2017-11-01 21:54:53 UTC

Permalink

Post by Christian Balzer
Your exact system configuration (HW, drives, controller, settings, etc)
would be interesting as I can think of plenty scenarios on how to corrupt
things that normally shouldn't be affected by such actions

Oh, the hardware in question is consumer grade and not new. Some old i7
machine. But my current guess is that the specific hardware is
semi-unrelated.

I think there probably is just a WAL log or entry in that that wasn't
finished writing to disk or corrupted. But WAL aren't something that
should be fully assumed to be complete and correct in the case of some
failure, right? They are WAL.

If this can't be fixed automatically with some command, I would simply
like to have a look at & tinker trivially the with these DB files if
possible (which I still haven't figured a way how to do).

Post by Christian Balzer
Now that bit is quite disconcerting, though you're one release behind the
curve and from what I read .2 has plenty more bug fixes coming.

Fair point. I just tried with 12.2.1 (on pre-release Ubuntu bionic now).

Doesn't change anything - fsck doesn't fix rocksdb, the bluestore won't
mount, the OSD won't activate and the error is the same.

Is there any fix in .2 that might address this, or do you just mean that
in general there will be bug fixes?

Thanks for your response!

- Michael

Michael

2017-11-13 11:05:23 UTC

Permalink

I think Christian talks about version 12.2.2, not 12.2.*

Which isn't released yet, yes. I could try building the development
repository if you think that has a chance of resolving the issue?

Although I'd still like to know how I could theoretically get my hands
at these rocksdb files manually, if anyone knows how to do that? I still
have no idea how.

I also reported this as a bug last week, in case anyone has information
or the same issue:
http://tracker.ceph.com/issues/22044

Konstantin Shalygin

2017-11-14 02:47:25 UTC

Permalink

Post by Michael
Which isn't released yet, yes. I could try building the development
repository if you think that has a chance of resolving the issue?

For tests - yes...
This <https://marc.info/?l=ceph-devel&m=151024277700487&w=2> ML tells
that 12.2.2 should be based on commit
1071fdcf73faa387d0df18489ab7b0359a0c0afb.

Gregory Farnum

2017-11-19 10:01:40 UTC

Permalink

Post by Michael

Oh, the hardware in question is consumer grade and not new. Some old i7
machine. But my current guess is that the specific hardware is
semi-unrelated.
I think there probably is just a WAL log or entry in that that wasn't
finished writing to disk or corrupted. But WAL aren't something that
should be fully assumed to be complete and correct in the case of some
failure, right? They are WAL.
If this can't be fixed automatically with some command, I would simply
like to have a look at & tinker trivially the with these DB files if
possible (which I still haven't figured a way how to do).

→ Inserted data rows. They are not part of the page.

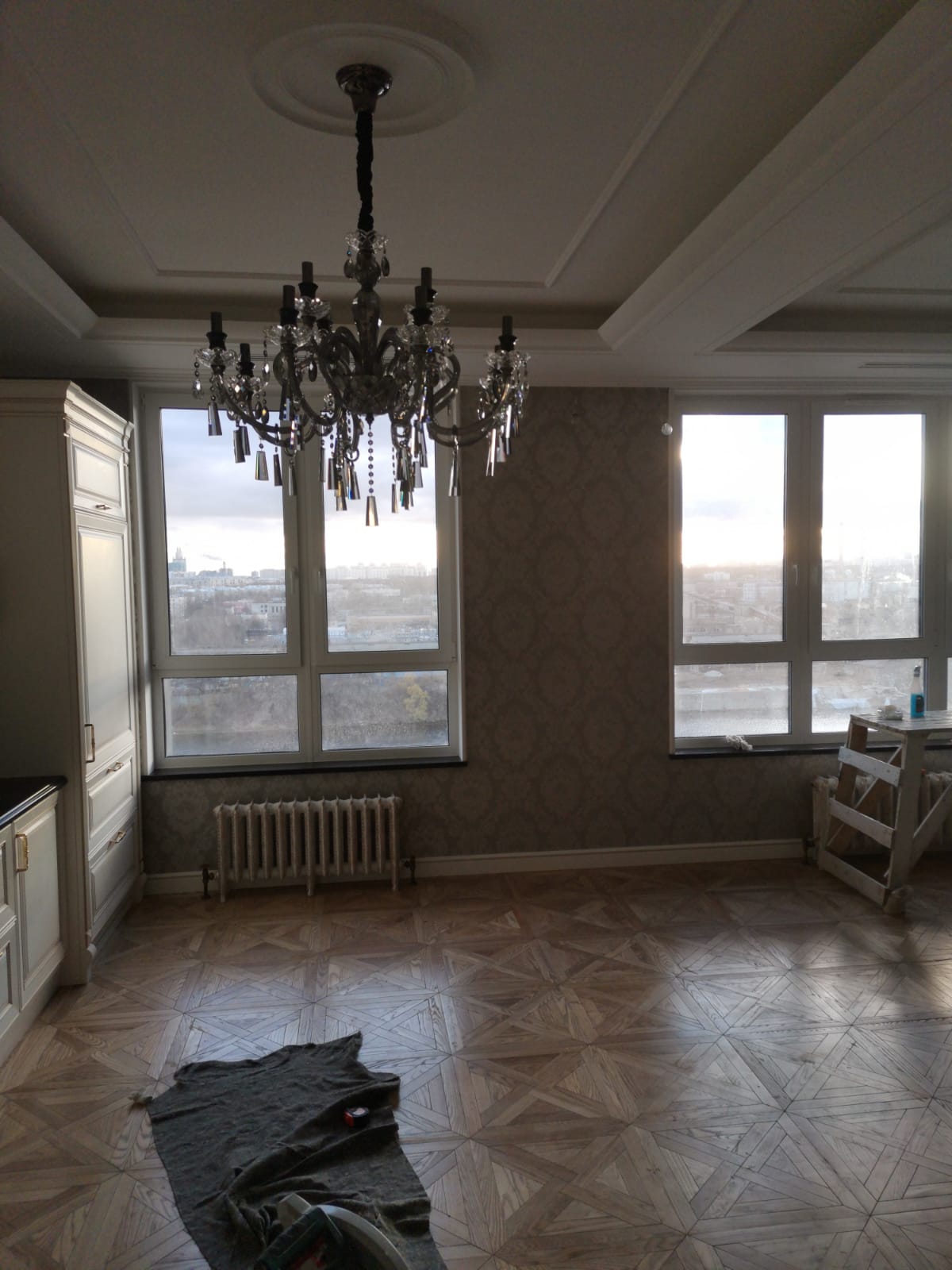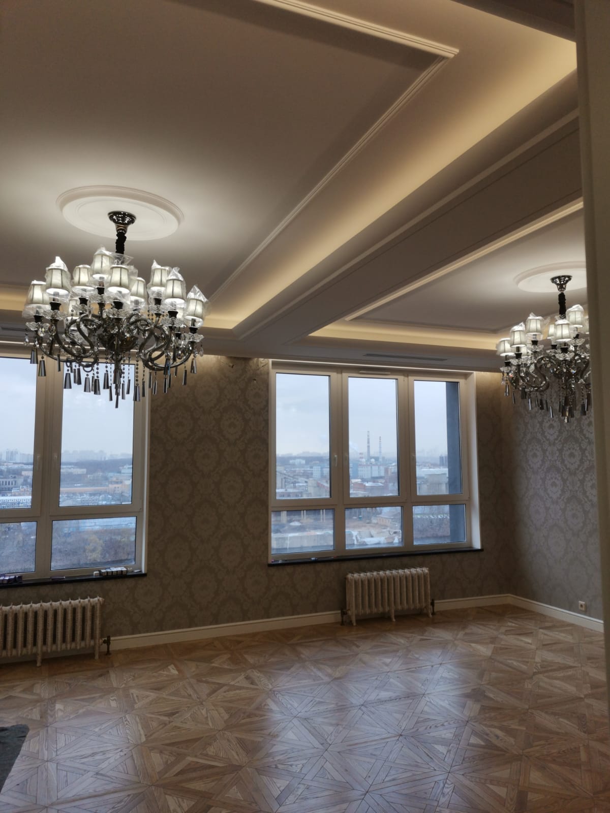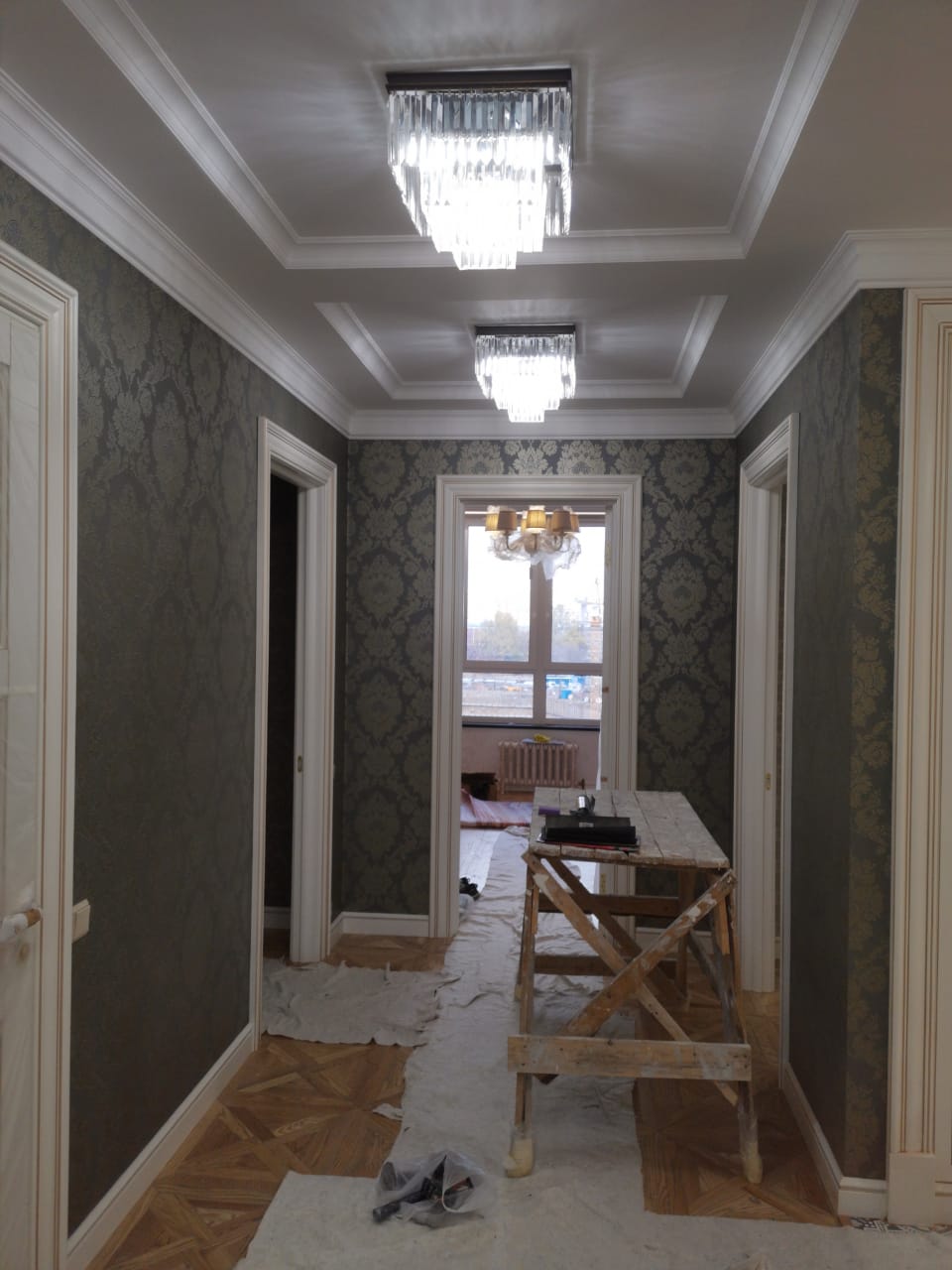 Основной задачей стали тёмные виниловые обои, качественный паркет, сложный потолок и крупные люстры — именно такие элементы хотели видеть хозяева. Но чтобы всё это выглядело гармонично, пришлось грамотно выстроить инженерную часть, подготовить стены, усилить электрику под мощные источники света, продумать высоту потолочных конструкций и аккуратно состыковать паркет с другими покрытиями. Результат получился именно таким, как ожидали клиенты — уютным, тёплым и благородным.
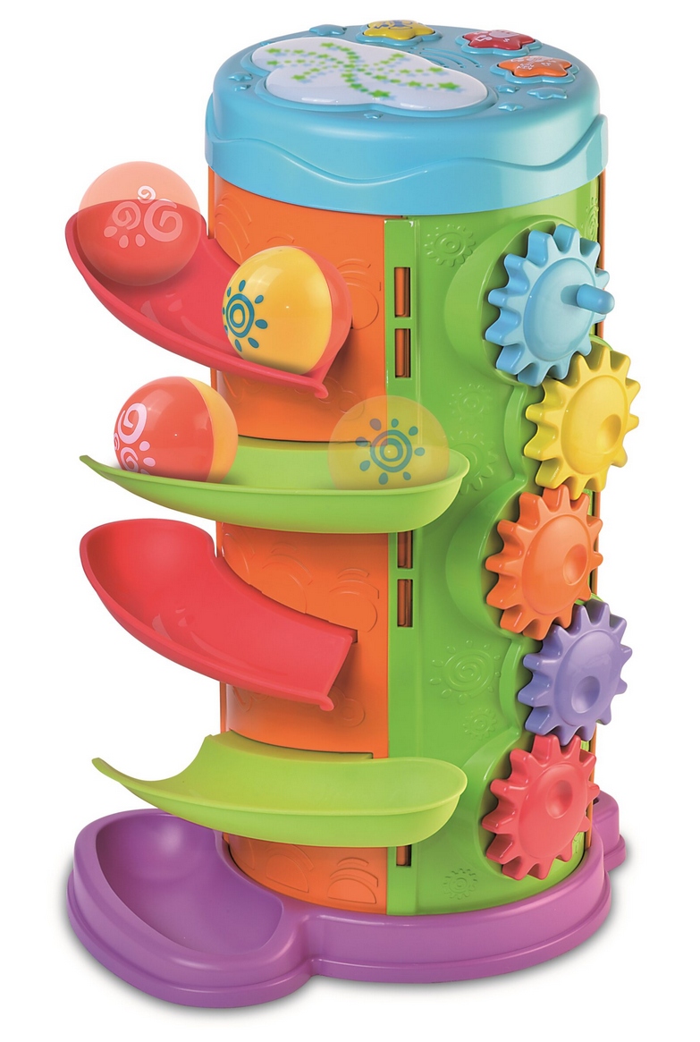 Na każdej ze stron znajduje się tu inna zabawa, która pozwoli dziecku ćwiczyć motorykę małą, poznawać zależności przyczynowo – skutkowe i rozwijać zdolności poznawcze. Wśród kolorowych ścianek zabawki pochowało się 5 różnych zabaw: zjeżdżalnia z piłeczkami, trybiki do kręcenia, sorter kształtów z klockami do dopasowania, ruchome elementy do przesuwania i obracania, a także, na samej górze, urocza chmurka z przyciskami aktywującymi melodie i kolorowe, świetlne wzorki.
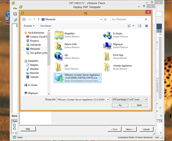 İndirmiş olduğunuz vCenter Server Appliance ova dosyasını seçiyoruz.
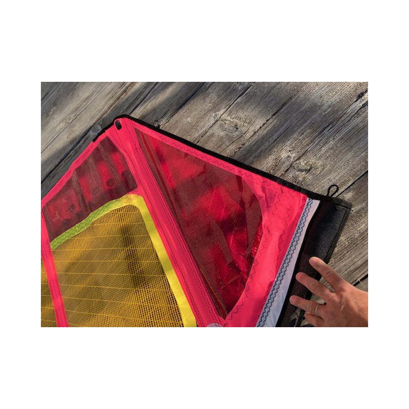 Carbon Stretch Control, anneau d’écoute en titane, fourreau Rip Stop et protection de point d’amure moulée complètent cet ensemble haut de gamme. Les finitions du fourreau, ainsi que les renforts au point d’amure et à la bordure, sont désormais repliés afin d’améliorer la durabilité et d’éviter l’effilochage des bords. Un large renfort marqueur sur la chute supérieure empêche la dégradation de la chute dans des conditions de vent fort, comme à Pozo.
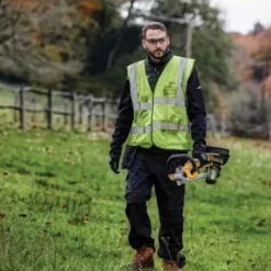 With an innovative folding hinge mechanism that reduces the length by 40% for accessible storage and quick portability. Brushless motor gear drive design, providing more torque and maintaining cut speed under load.

Your hardware and configuration is very relevant. As you note, the WAL
should be able to handle being incompletely-written, and both Ceph and
RocksDB are designed to handle failures mid-write. That RocksDB *isn't*
doing that here implies either
1) there's a fatal bug in rocksdb, or
2) your hardware configuration is not honoring the storage consistency APIs
correctly.

Given past experience, (2) is far more likely than (1) is. The RocksDB
community may be able to give you more immediate guidance to what exactly
went wrong, but I'd look at whether you have a writeback cache somewhere
that isn't reflecting ordering requirements, or if your disk passes a crash
consistency tester. (No, I don't know one off-hand. But many disks lie
horribly even about stuff like flushes.)
-Greg

Post by Michael

Post by Christian Balzer
Now that bit is quite disconcerting, though you're one release behind the
curve and from what I read .2 has plenty more bug fixes coming.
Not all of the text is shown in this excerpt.